5. Screenshots of the asynchronous, or “message board”, venue. I can upload images and text to start threads; students can access these threads at any time, and view or download images. The students can also leave questions or comments as replies in each individual thread. Students can also e-mail questions to me at virtual.embryology@gmail.com Each thread has a descriptive title, and a thumbnail version of the image. So far, I’ve uploaded images corresponding to the first module (5 embryology lectures). Some of the images are simplified or redesigned diagrams from Moore and Persaud, and a few are photos of 3D models I created using Sculpey II (polymer clay). In addition, I’ve used Edward Tufte’s information design principle of “small multiples” to generate summary sheets for visual concepts and terminology.

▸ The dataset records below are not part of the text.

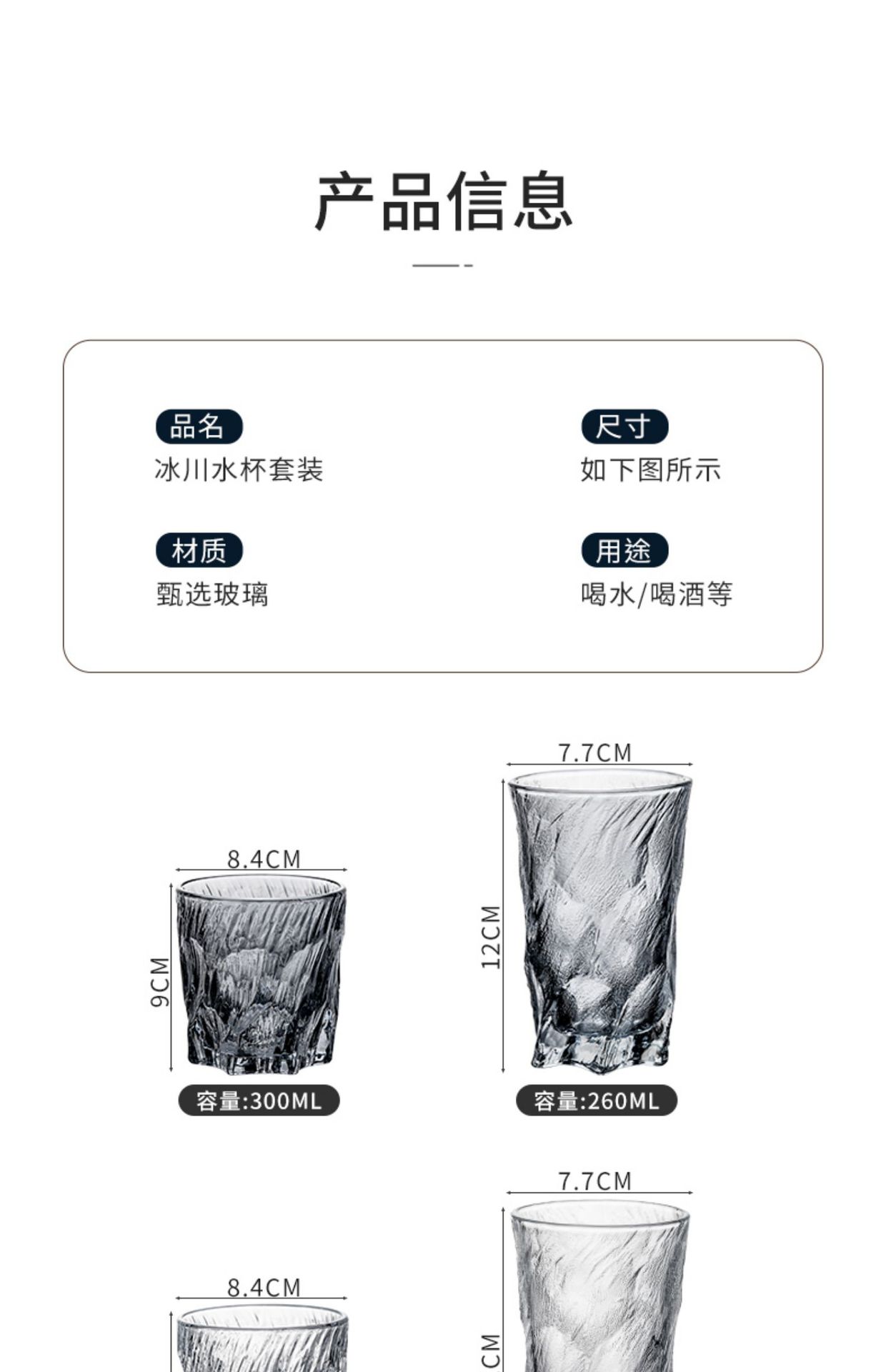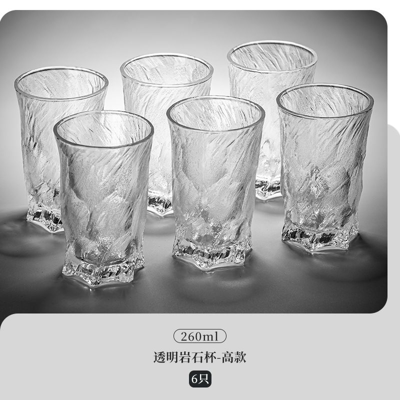 • 260ML 스모크 그레이 록 톨 컵 x6
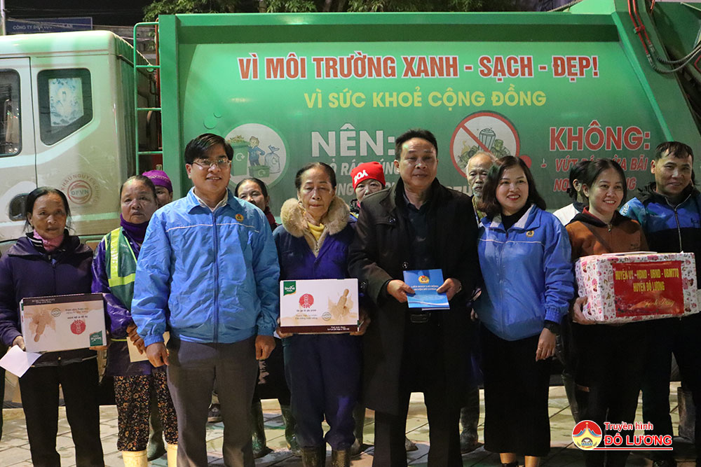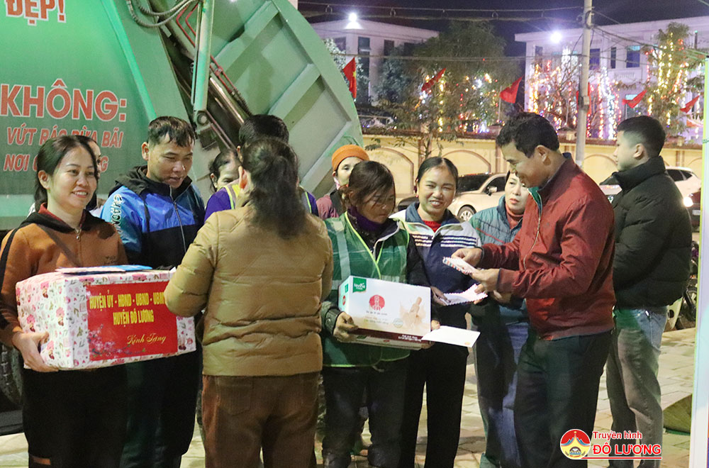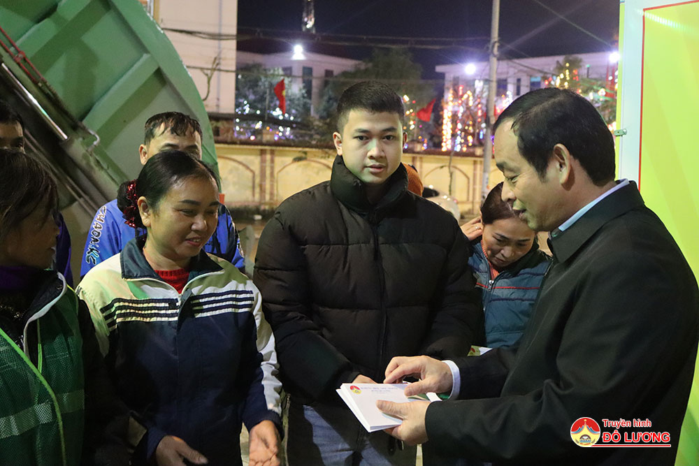 Nhằm chia sẻ với những nỗ lực của cán bộ và nhân viên HTX Dịch vụ và môi trường Đô Lương đang ngày đêm thu dọn vệ sinh rác thải tại Trung tâm Thị trấn Đô Lương để cho nhân dân vui tết, đón xuân sạch sẽ, đảm bảo môi trường, đồng chí Hoàng Văn Hiệp – Phó Bí thư Huyện ủy, Chủ tịch UBND huyện đã tặng HTX Dịch vụ và môi trường Đô Lương. Bao gồm, 1 thùng quà và 3 triệu đồng tiền mặt. Bên cạnh đó, đồng chủ tịch UBND huyện đã trao 30 suất quà cho cán bộ nhân viên, mỗi suất quà trị giá 500 nghìn đồng.
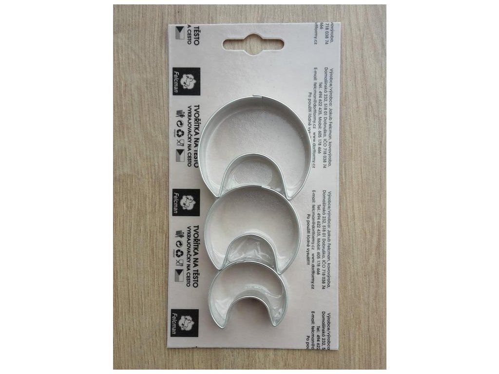 Sada tří kusů vykrajovátek z pocínovaného plechu ve tvaru rohlíčků.
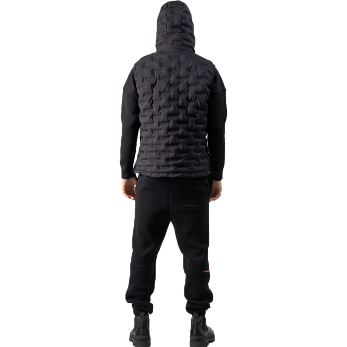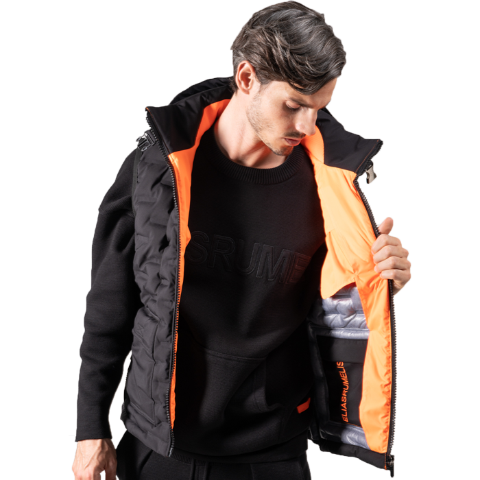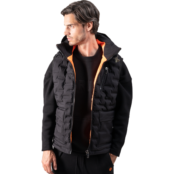 Die Weste EDMOND ist viel mehr als nur eine schwarz gesteppte Weste. Durch ihre besonderen orangenen Details sowohl innen als auch außen an den Seitentaschen, und auch die silberne Schnalle am Kragen, ist sie ein toller Hingucker. Dazu kommt die praktische und abnehmbare Kapuze.
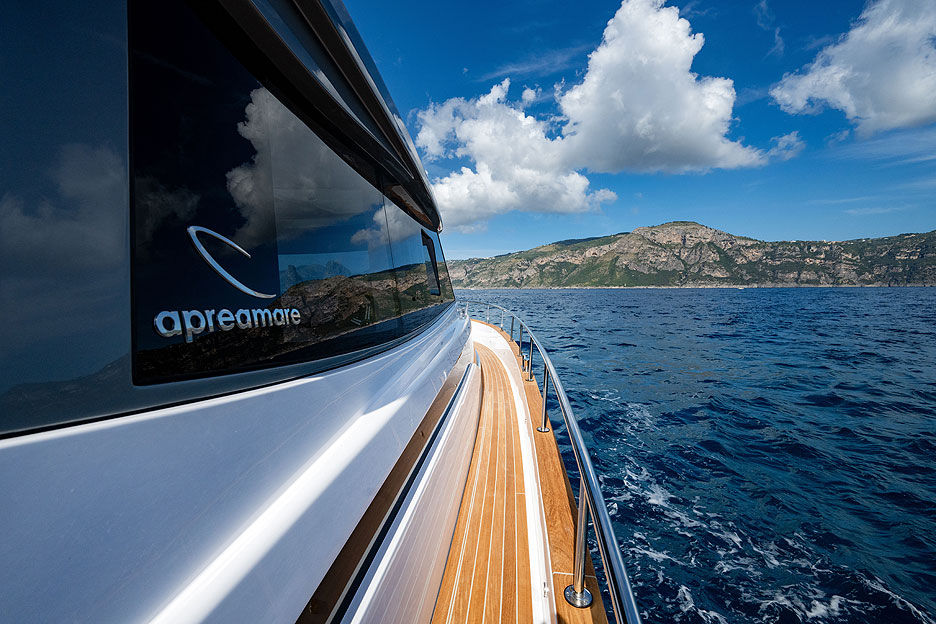 Отделанная тиком корма закруглена. Эта особенность — дань традиции «гоццо соррентино». На такую очаровательную винтажность легко западаешь. Слева от кормового дивана есть дверь, ведущая на купальную платформу. Купальная платформа расположена чуть выше ватерлинии, тоже закруглена и выдается далеко назад, как принято у яхт Apreamare. Большая часть платформы погружается в воду.
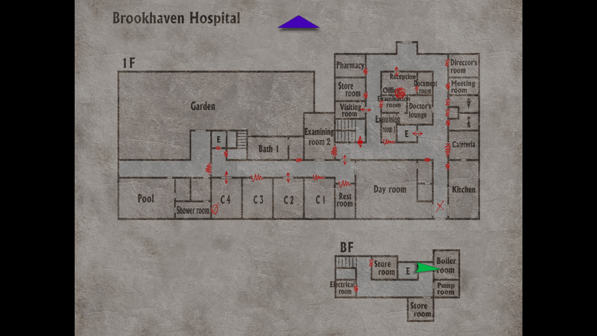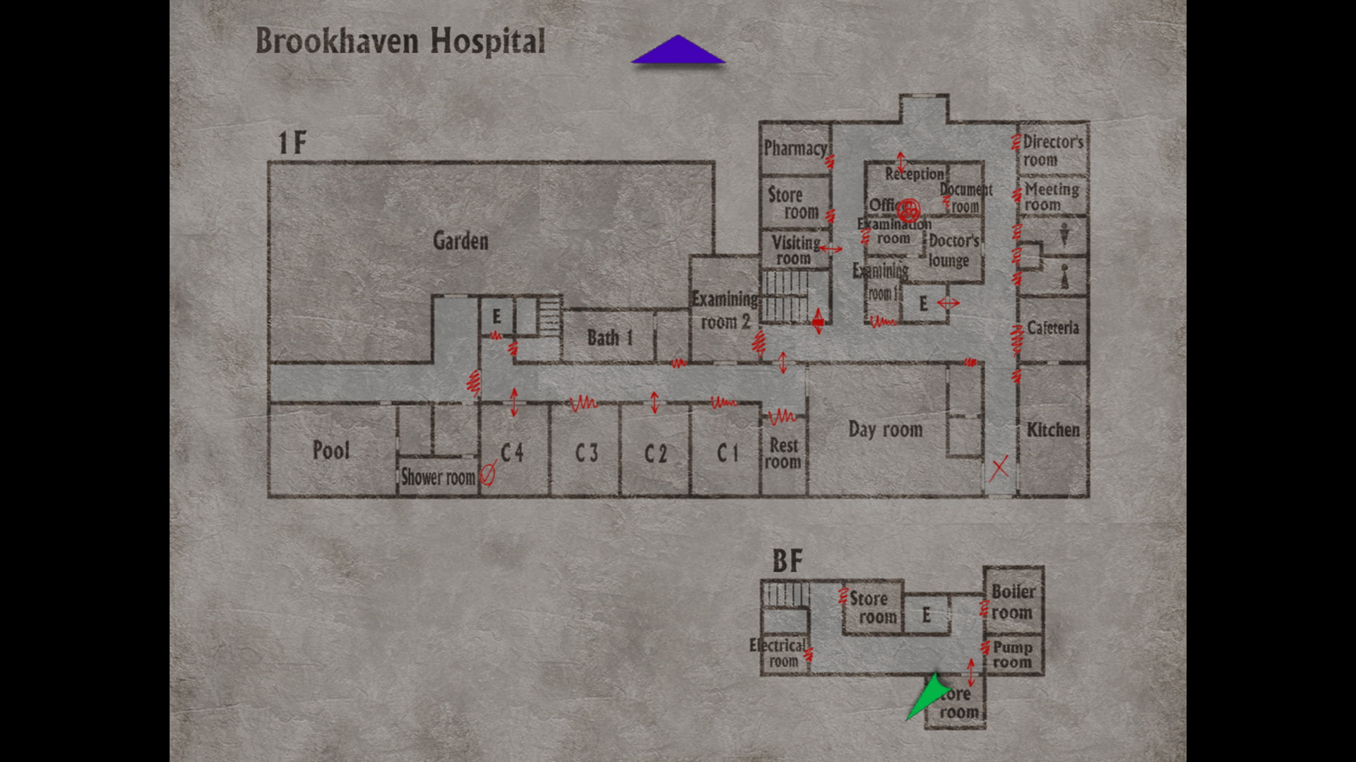 Inside the Reception right by the entrance you'll find the Hospital Map on the desk, a Health Drink in the closet by the entry door and a Save Point on the wall.
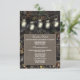 Cartões de Acompanhamento de Recepção de Casamento Caça Camuflada em Pote de Mason - para informações de hotel/recepção - apresentam potes de mason iluminados pendurados com um fundo de caça camuflada na frente e verso com uma caixa de texto de aniagem marrom na frente.
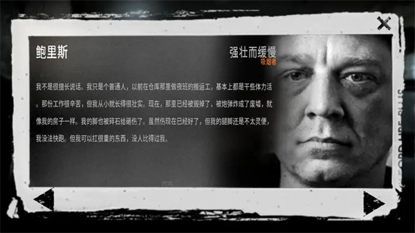 鲍里斯是个弱点与优点同样突出的人物。强大的恢复能力让他不怕受伤,高血量配合头盔与防弹衣也可以增加他的生存力。而且鲍里斯与木工是黄金组合。
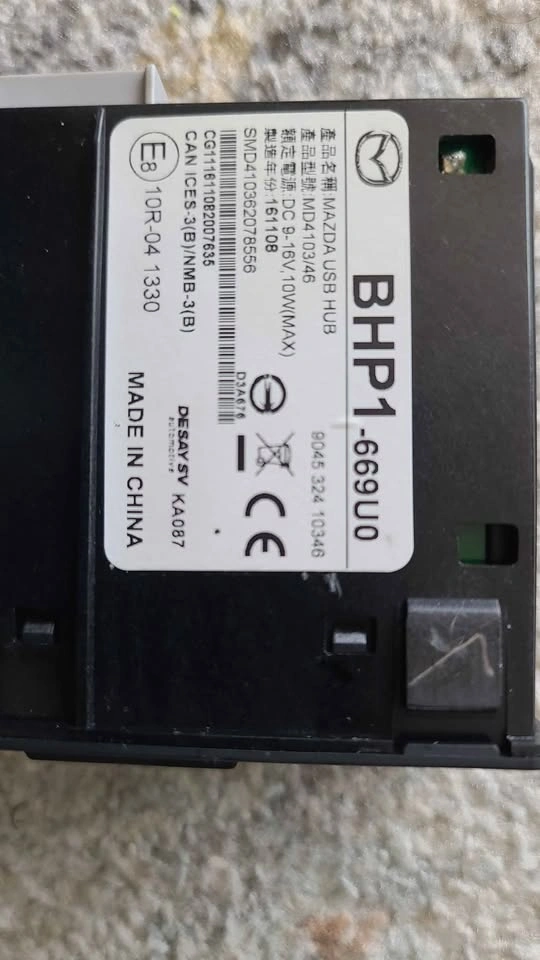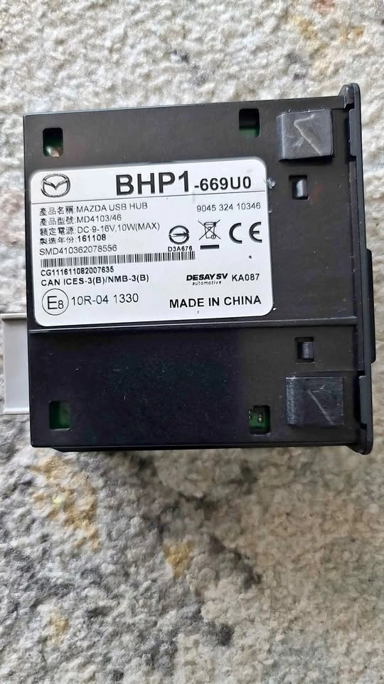 Selling a genuine Mazda USB Hub, perfect for replacing a faulty unit or upgrading your current setup. Product Details: Product Name: MAZDA USB HUB Model Number: MD4103/46 Power Input: DC 9-16V, 10W (Max) Manufacture Date: November 8, 2016 Part Number: BHP1-669U0 Certification: CE, CAN ICES-3(B)/NMB-3(B), 10R-04 1330 Brand: DESAYSV Made in China Compatible with select Mazda vehicles (please verify with your model/year) In excellent condition. Available for pickup.
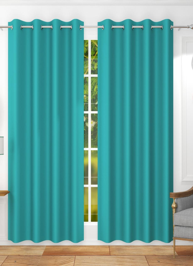 This vibrant turquoise curtain, made from thick, opaque fabric, ensures excellent light-blocking and privacy. Featuring a solid color with a smooth texture, it is available in two sizes: 4ft x 7ft and 4ft x 9ft. The curtain comes with silver grommets and a sleek silver rod with decorative finials, complemented by wave-like pleats for an elegant look.
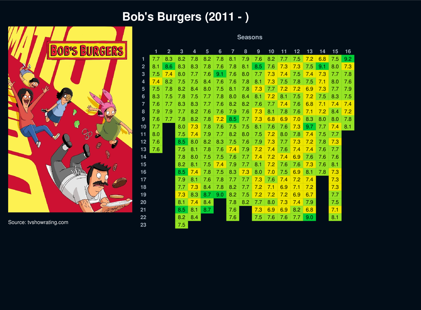 Bob's Burgers follows a third-generation restaurateur, Bob, as he runs Bob's Burgers with the help of his wife and their three kids. Bob and his quirky family have big ideas about burgers, but fall short on service and sophistication. Despite the greasy counters, lousy location and a dearth of customers, Bob and his family are determined to make Bob's Burgers "grand re-re-re-opening" a success.
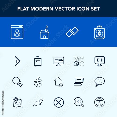 Modern, simple vector icon set with sale, medicine, apartment, house, laboratory, price, luggage, link, moon, technology, arrow, equipment, computer, hyperlink, cardboard, web, tool, home, bag icons
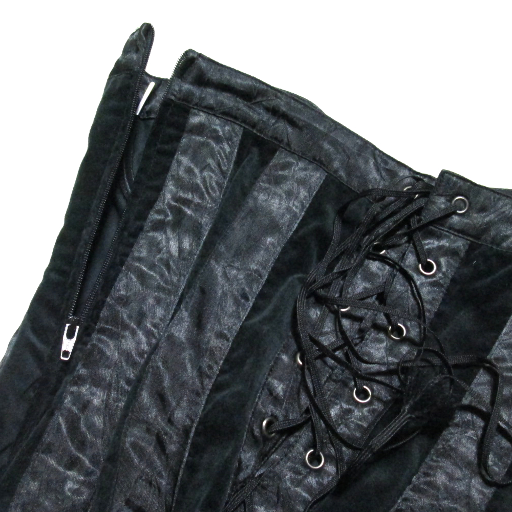 | Comment | 闇が形を持った瞬間。alice auaa が描く、悪魔的ゴシックの完成形とも言えるコルセットジャケットです。深く光を吸い込むブラックベルベットと、冷たい艶を放つサテン。異なる質感を切り替えることで、静と動、柔と硬が同時に立ち上がる構造美を生み出しています。身体の線を支配するように設計されたコルセットディテールが、着る者を守る鎧のようでありながら、同時に拘束具のような緊張感も孕む一着。ゴシックという様式を、装飾ではなく“思想”として成立させた佇まいです。 【スタッフの一言】 これはジャケットというより、契約書。一度袖を通したら、もう普通の服には戻れません。 【買い取りご案内】 アリスアウアアをはじめ、ゴシック・アヴァンギャルド文脈のデザイナーズアイテムの買い取りを行っております。素材使いや構造、世界観を重視し、丁寧に拝見いたします。ご相談のみでも、お気軽にお声がけください。 |
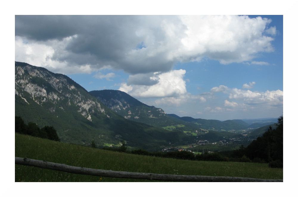 Links Mittagstein, dahinter Gahnsleiten, im Tal Payerbach-Reichenau mit dem Viadukt der Semmeringbahn. Dahinter erst befindet sich der Bahnhof. Ich bin viel zu früh im Tal, da ich die Busabfahrtszeiten falsch im Gedächtnis hätte. Aber ein Hatscher kommt bei der Nachmittagssonne nicht mehr in Frage. Ich fahre ab Hirschwang eine Stunde später mit dem Bus zurück.
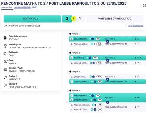 La rencontre fût un peu plus compliquée que prévue, avec 2 matchs en 3 sets dont l’un perdu par Simon. Au final, la victoire est au rendez-vous mais un 4/0 aurait permis d’envisager la dernière journée plus sereinement car Meschers s’est imposer 4/0.
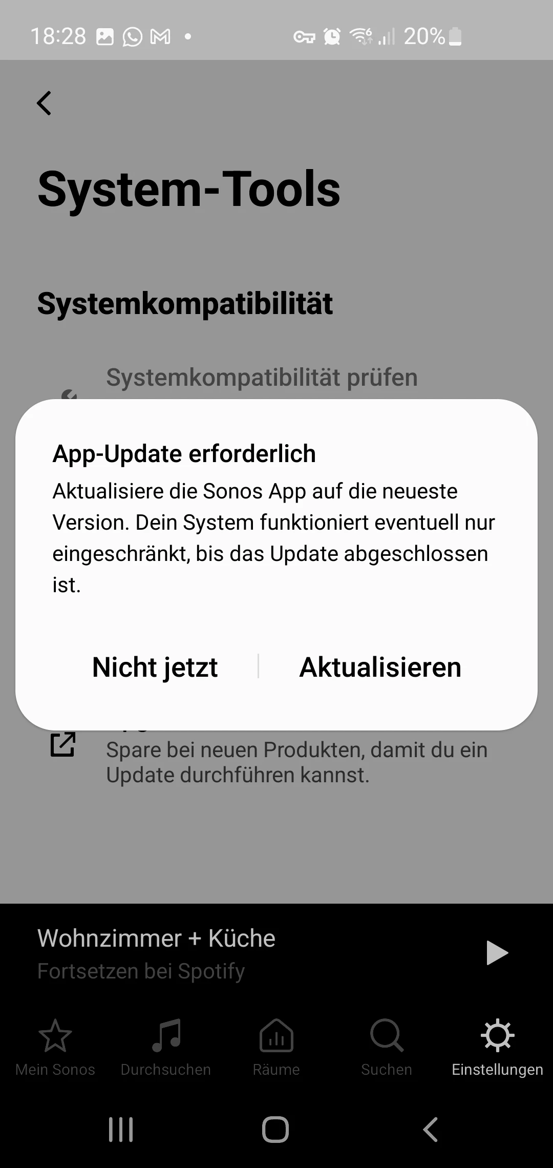 Drücke ich drauf, lande ich im playstore und kann die neue Sonos App installieren. In der neuen App ist es mir dann nicht möglich mich zum S1 System zu verbinden, da es ja ein S1 System ist. Hier drehe ich mich also im Kreis.

6. Methods: “Tufte-izing” embryology diagrams from the Moore and Persaud textbook, i.e. applying principles of information design to medical education “Escaping Flatland”, or design strategies that sharpen the information resolution of paper and the video screen: 1. Increase the number of dimensions that can be represented 2. Increase the data density (amount of information/unit area) Visual displays of information should encourage a diversity of individual viewer styles and rates of editing, personalizing, and understanding. * from Tufte, Edward R. Envisioning Information (Graphics Press, 1990) www.edwardtufte.com

7. In some cases, the Moore and Persaud Developing Human textbook does an excellent job of information design. These “small multiples” of neurulation in transverse section only required a little tweaking to present a more basic concept, and to make the terminology consistent. Sometimes the textbook organization is not the same as that of the lectures. Therefore, I included a diagram and description of ossification centers in the developing vertebrae, to go along with my lecture on the gross anatomy of the back, vertebral column, and spinal cord.

8. Direct methods can be used to increase the number of dimensions that can be represented. Here, I’ve constructed polymer clay models of embryos and photographed them, to display 3 dimensions. The bilaminar disc model (above) is one of three models in a series, so that the fourth dimension of time can also be represented. The neurula model on the right was also photographed from the ventral view to display mesoderm and endoderm.

9. Summary of Second Week of Human Development Design principles used: * Small multiples- similar graphic design allows viewer to focus on changes that occur * Data compression- fit entire second week onto one sheet, so that key points can be compared within eyespan * Color- here, color is used simply to label and identify * Narratives of space and time- emphasis on changes that occur from day to day

10. Summary of Eye Development * Similar design principles (small multiples, data compression, color) * Self-quiz on congenital eye defects included in text for thread (can be viewed side-by-side with image on computer monitor) * Addressing different learning styles in the text associated with the image: Premature infants may have persistent pupillary membrane, which appears as weblike connective tissue over the pupil. Because of the improvements in caring for very young premature infants (born at 25-26 weeks of gestation), some of your tiniest patients may still have fused eyelids. Once the eyelids begin to open (normally during fetal life), the bulbar and palpebral conjunctivae adopt their proper positions.